> [Records supplied]
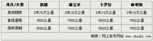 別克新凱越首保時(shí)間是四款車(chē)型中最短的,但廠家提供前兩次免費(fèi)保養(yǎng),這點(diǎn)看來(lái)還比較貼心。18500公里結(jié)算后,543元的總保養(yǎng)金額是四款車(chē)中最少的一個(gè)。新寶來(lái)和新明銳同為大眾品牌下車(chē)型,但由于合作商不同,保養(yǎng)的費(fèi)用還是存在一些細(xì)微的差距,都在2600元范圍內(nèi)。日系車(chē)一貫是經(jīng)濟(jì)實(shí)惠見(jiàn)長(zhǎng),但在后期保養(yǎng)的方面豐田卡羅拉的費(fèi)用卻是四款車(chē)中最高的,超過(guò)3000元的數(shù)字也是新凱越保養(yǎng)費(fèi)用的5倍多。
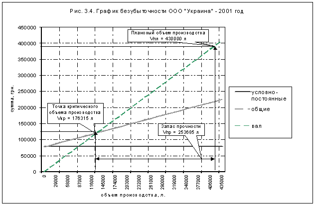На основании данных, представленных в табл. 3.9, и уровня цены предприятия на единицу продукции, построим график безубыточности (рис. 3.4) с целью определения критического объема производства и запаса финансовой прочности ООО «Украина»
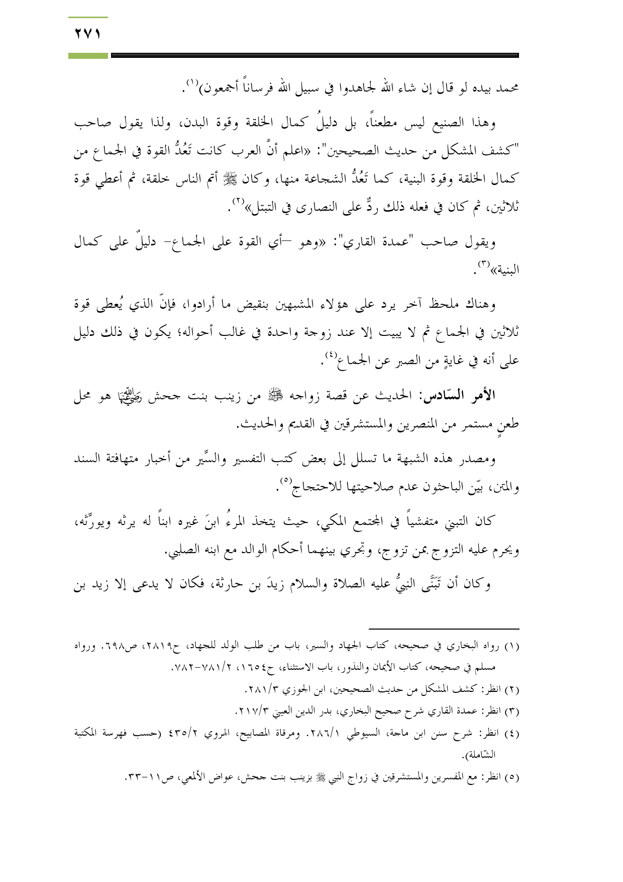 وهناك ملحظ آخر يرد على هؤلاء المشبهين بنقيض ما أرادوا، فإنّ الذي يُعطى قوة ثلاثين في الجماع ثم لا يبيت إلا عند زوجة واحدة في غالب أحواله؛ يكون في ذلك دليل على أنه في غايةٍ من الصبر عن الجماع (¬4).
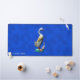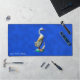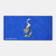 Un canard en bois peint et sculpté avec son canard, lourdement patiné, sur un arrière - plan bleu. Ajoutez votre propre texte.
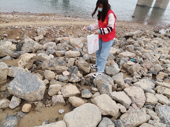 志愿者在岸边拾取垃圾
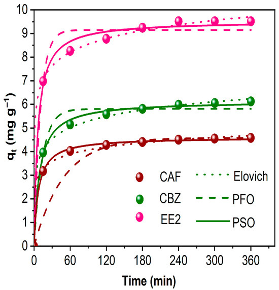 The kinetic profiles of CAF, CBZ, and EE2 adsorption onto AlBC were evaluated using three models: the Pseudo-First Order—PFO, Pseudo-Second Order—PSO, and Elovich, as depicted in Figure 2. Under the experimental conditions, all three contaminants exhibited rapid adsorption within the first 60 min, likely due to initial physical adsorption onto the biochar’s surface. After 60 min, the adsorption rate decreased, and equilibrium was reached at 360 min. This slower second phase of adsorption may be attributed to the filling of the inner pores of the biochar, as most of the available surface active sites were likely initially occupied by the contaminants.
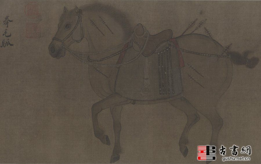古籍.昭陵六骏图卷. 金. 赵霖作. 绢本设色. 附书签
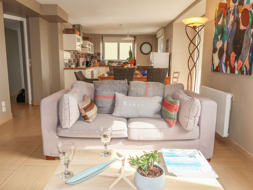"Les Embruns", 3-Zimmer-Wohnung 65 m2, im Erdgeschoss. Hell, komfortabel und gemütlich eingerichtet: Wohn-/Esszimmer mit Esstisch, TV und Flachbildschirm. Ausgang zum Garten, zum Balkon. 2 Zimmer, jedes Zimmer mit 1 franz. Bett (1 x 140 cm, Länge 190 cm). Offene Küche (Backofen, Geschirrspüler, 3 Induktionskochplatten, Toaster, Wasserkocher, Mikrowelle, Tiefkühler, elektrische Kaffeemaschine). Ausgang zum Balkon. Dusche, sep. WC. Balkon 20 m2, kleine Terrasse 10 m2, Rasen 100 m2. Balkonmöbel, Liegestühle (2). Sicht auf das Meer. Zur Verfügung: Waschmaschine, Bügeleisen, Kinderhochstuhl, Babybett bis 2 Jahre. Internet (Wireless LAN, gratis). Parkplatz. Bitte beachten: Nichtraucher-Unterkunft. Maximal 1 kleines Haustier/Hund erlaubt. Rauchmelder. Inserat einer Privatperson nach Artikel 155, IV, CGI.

> [Problem to solve]
The lines from the top of the data above through the one holding "古籍.昭陵六骏图卷. 金. 赵霖作. 绢本设色. 附书签" are to be repeated exactly, and only those, with no pictures.

> [Task response]
 別克新凱越首保時(shí)間是四款車(chē)型中最短的,但廠家提供前兩次免費(fèi)保養(yǎng),這點(diǎn)看來(lái)還比較貼心。18500公里結(jié)算后,543元的總保養(yǎng)金額是四款車(chē)中最少的一個(gè)。新寶來(lái)和新明銳同為大眾品牌下車(chē)型,但由于合作商不同,保養(yǎng)的費(fèi)用還是存在一些細(xì)微的差距,都在2600元范圍內(nèi)。日系車(chē)一貫是經(jīng)濟(jì)實(shí)惠見(jiàn)長(zhǎng),但在后期保養(yǎng)的方面豐田卡羅拉的費(fèi)用卻是四款車(chē)中最高的,超過(guò)3000元的數(shù)字也是新凱越保養(yǎng)費(fèi)用的5倍多。
На основании данных, представленных в табл. 3.9, и уровня цены предприятия на единицу продукции, построим график безубыточности (рис. 3.4) с целью определения критического объема производства и запаса финансовой прочности ООО «Украина»
 وهناك ملحظ آخر يرد على هؤلاء المشبهين بنقيض ما أرادوا، فإنّ الذي يُعطى قوة ثلاثين في الجماع ثم لا يبيت إلا عند زوجة واحدة في غالب أحواله؛ يكون في ذلك دليل على أنه في غايةٍ من الصبر عن الجماع (¬4).
 Un canard en bois peint et sculpté avec son canard, lourdement patiné, sur un arrière - plan bleu. Ajoutez votre propre texte.
 志愿者在岸边拾取垃圾
 The kinetic profiles of CAF, CBZ, and EE2 adsorption onto AlBC were evaluated using three models: the Pseudo-First Order—PFO, Pseudo-Second Order—PSO, and Elovich, as depicted in Figure 2. Under the experimental conditions, all three contaminants exhibited rapid adsorption within the first 60 min, likely due to initial physical adsorption onto the biochar’s surface. After 60 min, the adsorption rate decreased, and equilibrium was reached at 360 min. This slower second phase of adsorption may be attributed to the filling of the inner pores of the biochar, as most of the available surface active sites were likely initially occupied by the contaminants.
古籍.昭陵六骏图卷. 金. 赵霖作. 绢本设色. 附书签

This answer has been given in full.